1 (12 oz.) loaf whole wheat French bread, cut into cubes (preferably day-old)
3 slices turkey bacon, minced
1 Tbsp butter
1 large onion, minced
3 medium stalks celery, minced
2/3 cup chopped fresh parsley
2 Tbsp fresh sage, minced, (or 2 tsp dried)
1 Tbsp fresh thyme leaves, stems removed, minced, (or 1 tsp dried)
Salt and pepper
1 large egg, beaten
2 cups low-sodium turkey or chicken broth
1/2 cup water
If bread is fresh, preheat the oven to 250°F and spread the bread cubes over 2 baking sheets; Dry out in the oven for about 30 minutes, stirring half way through.
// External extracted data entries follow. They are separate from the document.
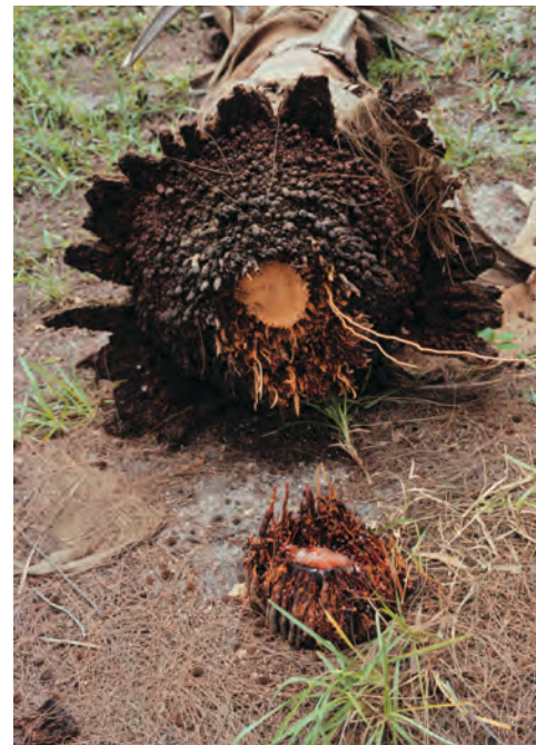
Figure 21. Cocos nucifera transplanted too shallowly.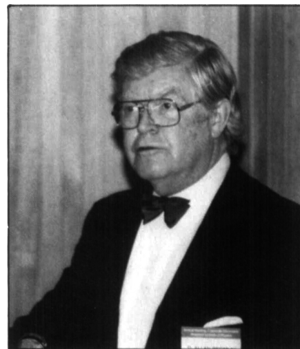
D. Allan Bromley, Assistant to the President for Science and Technology, and Director of the Office of Science and Technology Policy.

BROMLEY: Yes, it is. The fact that it is called the National Critical Materials Council doesn't mean that it focuses only on critical materials, although it does publish an interval report on critical materials. It also focuses in a major way on advanced materials and is responsible for developing the national program plan for advanced materials. It also will take the report of the [National] Commission on Superconductivity and update that on a periodic basis.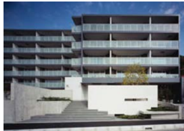
Form of Place Project 2007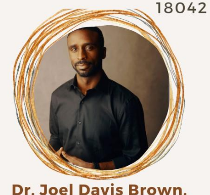
ESQ., PCC Keynote Author, <u>The Souls of Queer Folks</u>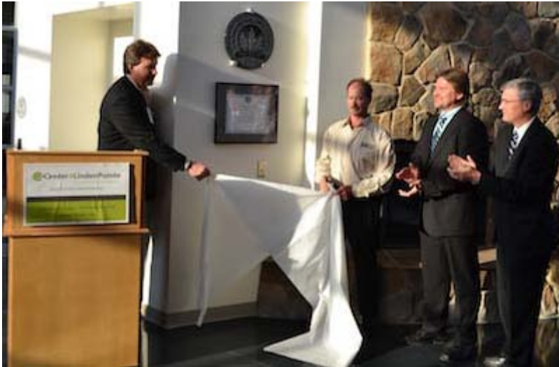
Silver LEED Celebration Ceremony

Place bread in a large bowl and set aside.
Increase oven temperature to 350°F.
In a large sauté pan over medium heat, cook bacon for about 2 minutes. Add butter, reduce heat to medium low, and stir in the onions and celery. Sauté for about 5-10 minutes until softened. Remove from heat, stir in parsley, sage and thyme, and allow to cool for a few minutes.
In a medium bowl, combine the broth and beaten egg.
Transfer sautéed vegetables to the bowl with the bread cubes. Add the egg and broth mixture, and salt and pepper to taste, combining well. Add additional water if stuffing is too dry.
Spray a casserole dish with baking spray, add stuffing and bake uncovered for 40-45 minutes, or until golden.